# Simpsons

In this Notebook, we will pre-process lines of dialogue from the *Simpsons*.

In [1]:
import pandas as pd

First, let's read in the data file.

In [2]:
df = pd.read_csv('simpsons.csv')
df.head()

Unnamed: 0,raw_character_text,spoken_words
0,Miss Hoover,"No, actually, it was a little of both. Sometim..."
1,Lisa Simpson,Where's Mr. Bergstrom?
2,Miss Hoover,I don't know. Although I'd sure like to talk t...
3,Lisa Simpson,That life is worth living.
4,Edna Krabappel-Flanders,The polls will be open from now until the end ...


In [3]:
df = df[(df['raw_character_text'] == 'Lisa Simpson') | (df['raw_character_text'] == 'Bart Simpson')]
df.head()

Unnamed: 0,raw_character_text,spoken_words
1,Lisa Simpson,Where's Mr. Bergstrom?
3,Lisa Simpson,That life is worth living.
7,Bart Simpson,Victory party under the slide!
9,Lisa Simpson,Mr. Bergstrom! Mr. Bergstrom!
11,Lisa Simpson,Do you know where I could find him?


To read the text and use it for our analysis, we need an object from `sklearn` called a `CountVectorizer`. Essentially, what it does is create a dictionary from a series of text. It lowercases the text and tokenizes it by using whitespace and interpunction as separations between words. I use a list of frequent English words ('stop words') that will not be counted: they are not informative enough.

We will need to convert the text to Unicode, which is a standard text format. We do so by using `.values.astype('U')`.

In [3]:
from sklearn.feature_extraction.text import CountVectorizer #The CountVectorizer object

text = df['spoken_words'].values.astype('U') #Taking the text from the df. We need to convert it to Unicode
vect = CountVectorizer(stop_words='english') #Create the CV object, with English stop words
vect = vect.fit(text) #We fit the model with the words from the review text
feature_names = vect.get_feature_names() #Get the words from the vocabulary
print(f"There are {len(feature_names)} words in the vocabulary. A selection: {feature_names[500:520]}")

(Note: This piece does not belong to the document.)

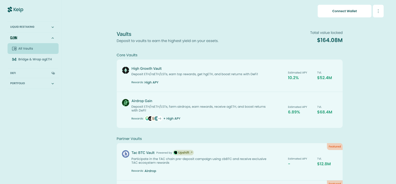 Gain (Automated Yield Vaults) นำเสนอ Vaults การเพิ่มประสิทธิภาพผลตอบแทนแบบ non-custodial ที่ซับซ้อน ซึ่ง Vaults จะทำให้การทำฟาร์ม การ Stake และโอกาสการ Airdrop ที่ซับซ้อนเป็นไปโดยอัตโนมัติ ทำให้กระบวนการสร้างรายได้แบบ Passive Income ง่ายขึ้น โดยได้รับการออกแบบมาเพื่อเพิ่มผลตอบแทนสูงสุดโดยการปรับใช้สินทรัพย์ในโปรโตคอลต่างๆ ซึ่งนำเสนอวิธีที่ใช้งานง่ายในการนำทางกลยุทธ์ DeFi ที่หลากหลาย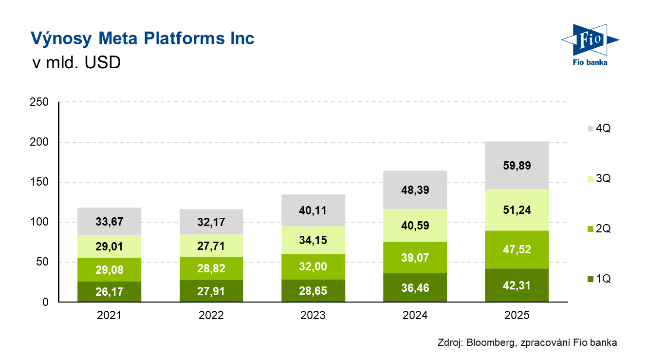Americká společnost Meta Platforms, provozovatel sociálních sítí Facebook, Instagram a dalších, zveřejnila ve středu po uzavření trhu hospodářské výsledky za čtvrté čtvrtletí roku 2025. Jak výnosy, které meziročně vzrostly o 24 % na 59,89 mld. USD, tak i očištěný zisk na akcii překonaly odhady analytiků. Nad očekáváním byl rovněž výhled pro první čtvrtletí roku 2026, který podle agentury Bloomberg pomohl vyvážit dopad vyšších kapitálových výdajů souvisejících s umělou inteligencí.

There are 38778 words in the vocabulary. A selection: ['abreast', 'abridged', 'abridging', 'abroad', 'abs', 'absa', 'absconded', 'absence', 'absent', 'absentee', 'abso', 'absolut', 'absolute', 'absolutely', 'absolution', 'absolve', 'absolved', 'absorb', 'absorbativity', 'absorbed']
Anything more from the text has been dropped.